In this randomized, double-blind, sham-controlled study followed by an open-label phase, the investigators will evaluate whether a repetition of two-weeks' treatment with bilateral motor cortex anodal tDCS and spinal cathodal tDCS, after a six months interval, may further outlast clinical improvement in patients with amyotrophic lateral sclerosis and can modulate intracortical connectivity, at short and long term.
Detailed Description
Amyotrophic Lateral Sclerosis (ALS) is a motor neuron disease, which is a group of neurological disorders that selectively affect motor neurons, the cells that control voluntary muscles of the body. The disorder causes muscle weakness and atrophy throughout the body due to the degeneration of the upper and lower motor neurons. Current drugs approved for ALS treatment only modestly slow disease progression. Transcranial direct current stimulation (tDCS) is a non-invasive technique, which has been demonstrated to modulate cerebral excitability in several neurodegenerative disorders and modulate intracortical connectivity measures.

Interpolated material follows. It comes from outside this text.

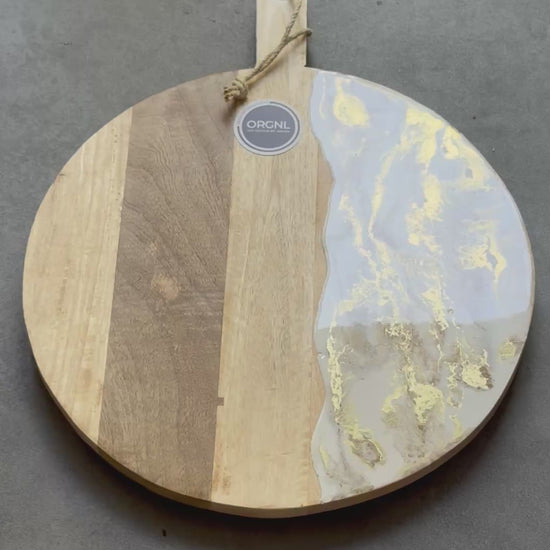 Deze luxe ronde houten borrelplank met epoxy versiering is bedoelt voor het feestelijk presenteren van lekkere hapjes op tafel maar ook om decoratief in de keuken te plaatsen. Alle borrelplanken zijn uniek en ambachtelijk gemaakt en stuk voor stuk echte blikvangers voor op tafel.

The present randomized, double-blind, sham-controlled study followed by an open-label phase will investigate a repetition of two-weeks' treatment with bilateral motor cortex anodal tDCS and spinal cathodal tDCS, after a six months interval, may further outlast clinical improvement in patients with amyotrophic lateral sclerosis and modulate intracortical connectivity, at short and long term.
Investigators
Barbara Borroni
Prof.
Azienda Socio Sanitaria Territoriale degli Spedali Civili di Brescia
Eligibility Criteria
Inclusion Criteria
- •Patients with a diagnosis of probable, laboratory-supported probable, or definite amyotrophic lateral sclerosis according to the El Escorial revised criteria
- •Disease duration ≤ 24 months
- •Disease progression in the past 3 months
- •Score ≥ 2 at the item "swallowing" of the ALS Functional Rating Scale Revised
- •Score ≥ 2 at the item "walking" of the ALS Functional Rating Scale Revised
- •Treatment with steady regimen of riluzole for a minimum of 1 month before study entry, and desiring its continuation
- •Able to give informed consent
- •Written informed consent
Exclusion Criteria
- •Motor neuron diseases other than ALS
- •Severe head trauma in the past
- •History of seizures
- •History of ischemic stroke or hemorrhage
- •Pacemaker
- •Metal implants in the head/neck region
- •Severe comorbidity
- •Intake of illegal drugs
- •Pregnancy
Outcomes
Primary Outcomes
Change in Muscle Strength From Baseline
Time Frame: Baseline - 2 weeks - 2 month - 6 months - 6 months and 2 weeks - 8 months - 12 months
A megascore is obtained by summing scores of single muscles (shoulder abductors, elbow flexors and extensors, wrist flexors, thumb opponent, hip flexors, knee flexors and extensors, and ankle dorsiflexors and extensors on both sides) manually evaluated according to the Medical Research Council (MRC) scale, which ranges from 0 (no movement) to 5 (normal contraction). The score for each muscle is summed, with scores ranging from 100 (no impairment) to 0 (most severe impairment).
Secondary Outcomes
- Change in Caregiver Burden (CBI)(Baseline - 2 weeks - 2 month - 6 months - 6 months and 2 weeks - 8 months - 12 months)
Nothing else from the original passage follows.